There are also limitations associated with the comparability of our measure of multidimensional poverty across countries. There was a negative skew of the C-weighted sum of deprivations in South Africa, where distributions were clustered more towards the higher multidimensional poverty, compared with Colombia and Mexico, where there was a more even distribution. Indeed, we find that the distribution of the MPI was significantly different in South Africa relative to Colombia (two-sample Kolmogorov-Smirnov test=0.37 p<0.001) and Mexico (two-sample Kolmogorov-Smirnov test=0.12 p<0.001). Visual exploration of kernel plots suggest that this might be due to a more compressed and right-skew in the distribution of the MPI in South Africa relative to Colombia and Mexico. It is also important to note that the MPI was adapted for Colombia. This may explain why we did not observe significant associations between some poverty dimensions and depressive symptoms in South Africa. However, even if not fully valid for South Africa and Mexico, the CMPI was still likely to be a more valid measure of multidimensional poverty than the Global MPI in the context of UMICs.

In addition, the timing of the surveys differed between countries and changes during that time in the prevalence of poverty or mental health across countries may have impacted the results. Over the period of study, data from the World Bank suggests that the multidimensional poverty headcount ratio (% of total population) changed little for Mexico—from 46% in 2010 to 43.4% in 2016—and South Africa—from 8% in 2011 to 7% in 2016. By contrast, in Colombia, there was a decline in the multidimensional poverty headcount ratio, which went from 30.4% in 2010 to 17.8% in 2016. It is possible that the relationship between poverty and depressive symptoms for Colombia may have been different in the period covered by South Africa. As the group of individuals defined as poor becomes smaller and more selective, it is increasingly comprised individuals who are disproportionately disadvantaged.47 As a result, there may have been associations for Colombia but not South Africa as those in poverty were a more selective group than in 2010, where a larger fraction of the population was classified as poor. However, these changes do not necessarily imply a change in the relationship between multidimensional poverty and mental health and are unlikely to fully explain the cross-national variations we observed in this relationship.

Conclusion

In sum, the relationship between poverty and depressive symptoms among young people differs across dimensions of poverty and between countries. We found a significant relationship between multidimensional poverty and depressive symptoms in Colombia and Mexico but not in South Africa, despite the fact that some dimensions of poverty did show an association with depressive symptoms in the latter. There were key differences across countries in how individual deprivations were related to youth depressive symptoms. Not all deprivations are equally important for depressive symptoms in youth across different countries

While household income was only associated with lower depressive symptoms at the highest income group, those with a high income were deprived in other areas which were associated with their mental health. This showcases the importance of using a multidimensional approach and moving away from the more traditional measures of poverty. There were associations with individual deprivations, such as education, and not household deprivations, such as parental unemployment.

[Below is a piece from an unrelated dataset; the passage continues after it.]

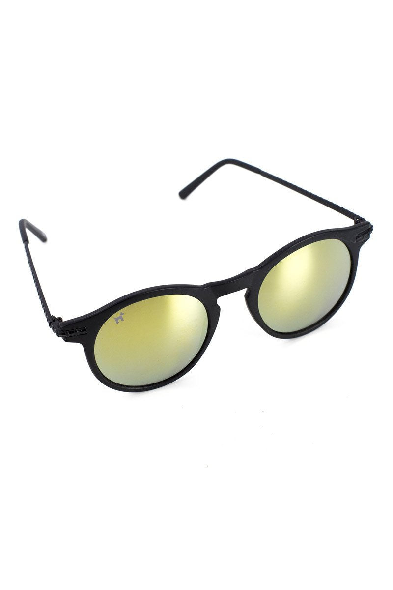 Lentes Redondos Color Negro Mate con Cristales de Espejo Amarillos. Pata metálica Color Negro. Detalle Logo Perro sobre Cristal Derecho en Parte Superior. Serigrafía "Williot" en parte Interior Pata Derecha....

Our results have important implications for policy as they highlight potential targets for interventions on deprivations directly linked to young people may be more effective in improving their mental well-being than interventions targeting dimensions of poverty which are not clearly associated with mental health. This includes interventions to tackle school lag, child labour and access to health services. Our results also suggest that the importance of different deprivations might differ across countries. Further longitudinal analysis and intervention using a nuanced approach that considers the specific poverty dimensions relevant for each country is critical to improve the mental health of young people in UMICs.